When you think of foodie hotspots, the cities that come to mind are probably the old standbys: Paris, New York, Tokyo. But a Vancouver company has created a food tour exposing the cuisine of a lesser-known food hotspot: the Canadian North.

Edible Canada is a food tourism organization that puts on events showcasing culinary techniques and sampling food from different Canadian locales, and their “Across the Top of Canada” tour may be their biggest enterprise yet. The trip takes guests on a private 737 jet to northern hot (or is that cold?) spots to check out the local culture and cuisine, with stops in St. John’s, Iqaluit, Churchill, Yellowknife, and Whitehorse.

So what kind of food can you expect to eat if you hop on Edible Canada’s plane? A surprising variety, it turns out.

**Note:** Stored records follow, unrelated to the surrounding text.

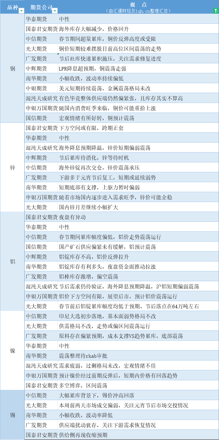 汇通财经APP讯——期货公司观点汇总一张图:2月21日有色系(铜、锌、铝、镍、锡等)
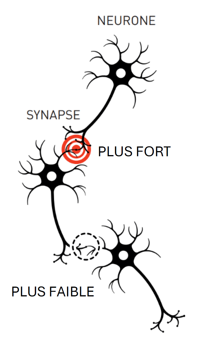 Le réseau neuronal du cerveau est constitué de cellules vivantes, les neurones, dotées d’une machinerie interne avancée. Ces neurones peuvent s’envoyer des signaux via les synapses. Lorsque nous apprenons des choses, les connexions entre certains neurones se renforcent, tandis que d’autres s’affaiblissent.
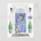 Annoncez votre nouvelle adresse avec notre faire-part élégante avec un Wolf Hound irlandais, une porte d'entrée bleue, un tapis de bienvenue, une ardoise, des topiaires et une couronne fleurie posée sur un arrière - plan en brique grise.
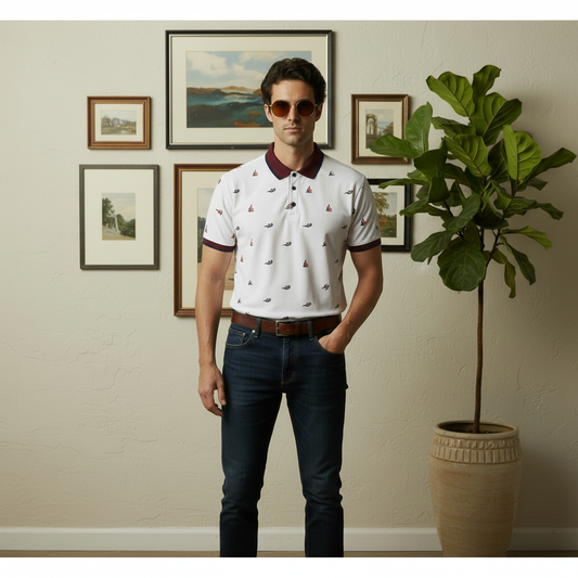 Men’s White Printed Polo Shirt with Maroon Collar
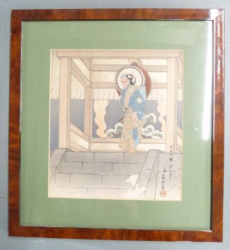 A set of five 19th/20thC Japanese woodblock/ prints including Samurai warriors, each 26 x 23cn
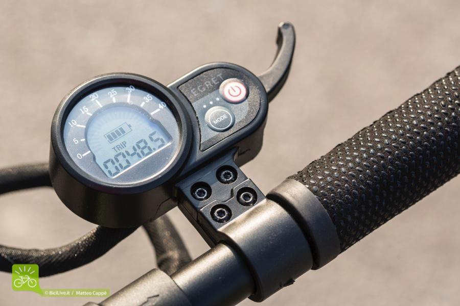 Si avvia semplicemente premendo la leva di accelerazione e permette di raggiungere una velocità massima di 20 km/h per il modello base Egret One V3 (che abbiamo avuto in test) e 35 km/h per il modello Egret One S.
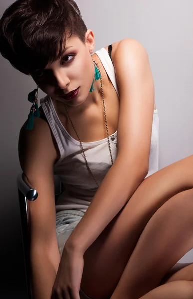 Modern Woman with Short Haircut Bob sitting
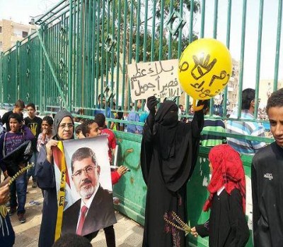 ففي الإسماعيلية ألقت قوات الأمن القبض علي خمس فتيات بسبب حيازتهم بالونات مرسوم عليها علامة رابعة العدوية.
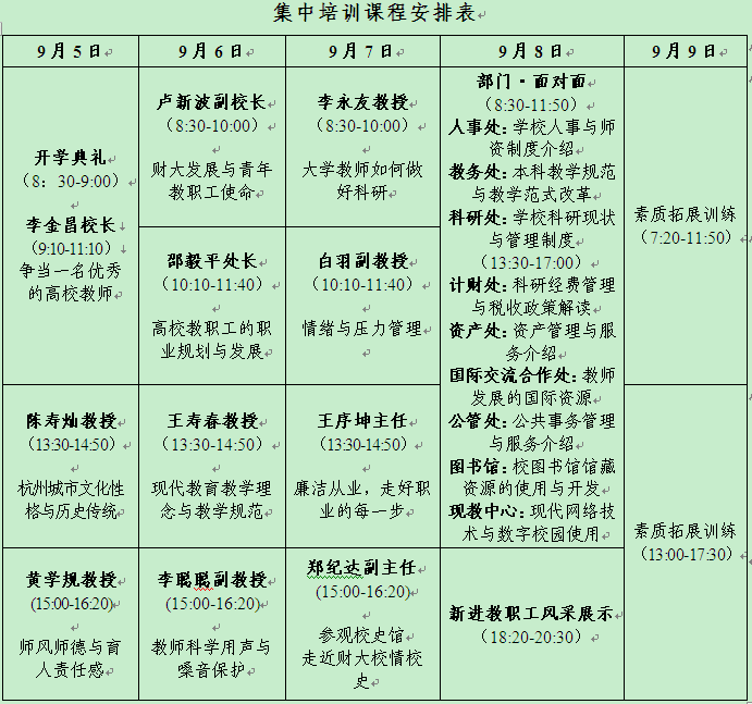 以“了解财大、融入财大、学为人师”为目的,从新进教职工的实际需要出发,通过集中专题研修、分散培训、素质拓展、网络自学、调研规划、汇报和交流等多种培训形式,旨在帮助新进教职工:

The tour begins in Vancouver, where guests drink signature cocktails and snack on liquid nitrogen ice cream, then heads to Whitehorse (probably the most cosmopolitan of the northerly cities), where there are served signature dinners of wild boar belly, venison, Arctic char, and foraged greens. There are also cocktails made from candy cap mushrooms, which live up to their name, offering a hint of sweetness.

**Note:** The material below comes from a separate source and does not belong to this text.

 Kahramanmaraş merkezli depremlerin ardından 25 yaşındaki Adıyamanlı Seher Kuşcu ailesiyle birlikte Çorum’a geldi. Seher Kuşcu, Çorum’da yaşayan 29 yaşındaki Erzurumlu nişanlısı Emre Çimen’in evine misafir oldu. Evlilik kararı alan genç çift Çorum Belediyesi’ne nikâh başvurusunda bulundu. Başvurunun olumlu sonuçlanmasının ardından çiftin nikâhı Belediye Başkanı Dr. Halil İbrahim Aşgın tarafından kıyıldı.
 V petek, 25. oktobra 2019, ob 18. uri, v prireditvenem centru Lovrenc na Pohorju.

fish and vegetables on wooden plate
[Credit: Edible Canada]
Next, the group jets on to Yellowknife, where guests feast for two days on fresh-caught Northern Pike, chilled fiddlehead soup, reindeer with blueberries and mustard greens, and plenty of other locally sourced fish and game.

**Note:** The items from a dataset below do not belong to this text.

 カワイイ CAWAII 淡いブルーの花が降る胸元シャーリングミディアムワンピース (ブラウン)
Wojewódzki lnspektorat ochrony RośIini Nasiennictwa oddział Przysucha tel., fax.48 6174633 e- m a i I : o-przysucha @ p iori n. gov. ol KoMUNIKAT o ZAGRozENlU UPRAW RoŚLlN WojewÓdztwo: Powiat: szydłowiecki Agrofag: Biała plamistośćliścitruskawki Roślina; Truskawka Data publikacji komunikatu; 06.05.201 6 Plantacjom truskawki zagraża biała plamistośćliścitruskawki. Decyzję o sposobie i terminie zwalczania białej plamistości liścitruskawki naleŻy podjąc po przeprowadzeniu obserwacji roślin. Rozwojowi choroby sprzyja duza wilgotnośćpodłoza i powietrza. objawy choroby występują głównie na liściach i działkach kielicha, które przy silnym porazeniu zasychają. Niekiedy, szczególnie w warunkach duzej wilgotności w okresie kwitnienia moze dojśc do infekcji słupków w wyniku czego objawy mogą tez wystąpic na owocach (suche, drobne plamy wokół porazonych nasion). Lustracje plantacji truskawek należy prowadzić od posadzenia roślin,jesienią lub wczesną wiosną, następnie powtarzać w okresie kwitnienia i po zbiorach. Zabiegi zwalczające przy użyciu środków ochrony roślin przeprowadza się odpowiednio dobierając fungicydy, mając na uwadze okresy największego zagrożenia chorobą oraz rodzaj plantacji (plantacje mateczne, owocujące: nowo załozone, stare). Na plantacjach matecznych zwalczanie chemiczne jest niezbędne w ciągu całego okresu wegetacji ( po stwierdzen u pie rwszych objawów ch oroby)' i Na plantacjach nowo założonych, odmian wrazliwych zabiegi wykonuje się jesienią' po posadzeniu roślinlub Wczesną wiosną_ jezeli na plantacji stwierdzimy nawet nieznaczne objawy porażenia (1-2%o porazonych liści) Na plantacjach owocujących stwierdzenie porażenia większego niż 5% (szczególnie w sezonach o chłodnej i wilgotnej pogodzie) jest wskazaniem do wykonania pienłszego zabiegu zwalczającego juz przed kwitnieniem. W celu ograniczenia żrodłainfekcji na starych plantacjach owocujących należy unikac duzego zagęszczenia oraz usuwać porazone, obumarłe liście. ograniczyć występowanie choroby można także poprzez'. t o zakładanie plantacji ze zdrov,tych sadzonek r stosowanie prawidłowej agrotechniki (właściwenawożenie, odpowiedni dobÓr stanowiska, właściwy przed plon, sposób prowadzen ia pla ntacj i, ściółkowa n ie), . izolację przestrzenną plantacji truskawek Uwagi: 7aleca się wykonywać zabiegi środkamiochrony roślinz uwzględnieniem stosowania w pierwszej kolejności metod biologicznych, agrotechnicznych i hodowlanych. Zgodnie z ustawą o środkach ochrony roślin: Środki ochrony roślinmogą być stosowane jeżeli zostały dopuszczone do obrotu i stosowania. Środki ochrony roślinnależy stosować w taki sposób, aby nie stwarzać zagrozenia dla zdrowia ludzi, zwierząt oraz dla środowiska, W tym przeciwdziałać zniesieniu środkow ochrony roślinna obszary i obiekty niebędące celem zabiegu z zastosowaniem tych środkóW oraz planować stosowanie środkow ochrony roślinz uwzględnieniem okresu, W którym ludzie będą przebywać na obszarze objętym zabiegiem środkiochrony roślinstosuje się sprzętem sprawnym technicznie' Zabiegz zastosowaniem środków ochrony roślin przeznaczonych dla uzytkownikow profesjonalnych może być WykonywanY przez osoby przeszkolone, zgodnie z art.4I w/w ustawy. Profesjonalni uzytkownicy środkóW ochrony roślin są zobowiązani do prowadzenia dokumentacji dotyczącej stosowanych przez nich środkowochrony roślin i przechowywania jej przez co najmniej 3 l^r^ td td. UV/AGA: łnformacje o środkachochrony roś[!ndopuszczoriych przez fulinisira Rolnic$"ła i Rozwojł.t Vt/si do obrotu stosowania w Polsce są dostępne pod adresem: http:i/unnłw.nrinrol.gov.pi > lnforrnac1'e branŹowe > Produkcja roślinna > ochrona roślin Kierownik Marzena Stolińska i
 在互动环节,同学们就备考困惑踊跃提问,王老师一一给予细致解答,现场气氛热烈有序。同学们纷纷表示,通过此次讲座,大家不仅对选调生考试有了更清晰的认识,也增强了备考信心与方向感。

Fish on a board next to a cooking fire
[Credit: Edible Canada]
Iqualuit is next. This city in Nunavut has a population of just 7,740 and is a place of rare and wild beauty. Marine mammals are a large part of the traditional diet in Nunavut, so Edible Canada guests are treated to a meal that includes fish chowder, snow goose eggs, and seal (plus hot apple cider to ward of chilliness).

goose eggs
[Credit: Edible Canada]
The furthest east of all the destinations is St. John’s, Newfoundland, where the bounty of the sea is put on maximum display. Meals of scallops, snow crab, roasted cod, and mussel broth abound. And what’s a trip to the Maritimes without a lobster bake?

Scallops on a boat
[Credit: Jeorg Michel]
The final, brief stop is Churchill, Manitoba, where guests have a quick lunch and partake of the region’s amazing whale-watching opportunities.

All of the meals served on this tour of the North are informed by local history and indigenous cultures, and many of them are enjoyed in the company of locals. Edible Canada wants to introduce people not only to local food, but also local culture and ways of life.

In Edible Canada’s world, it’s all about food for thought — and just food, of course.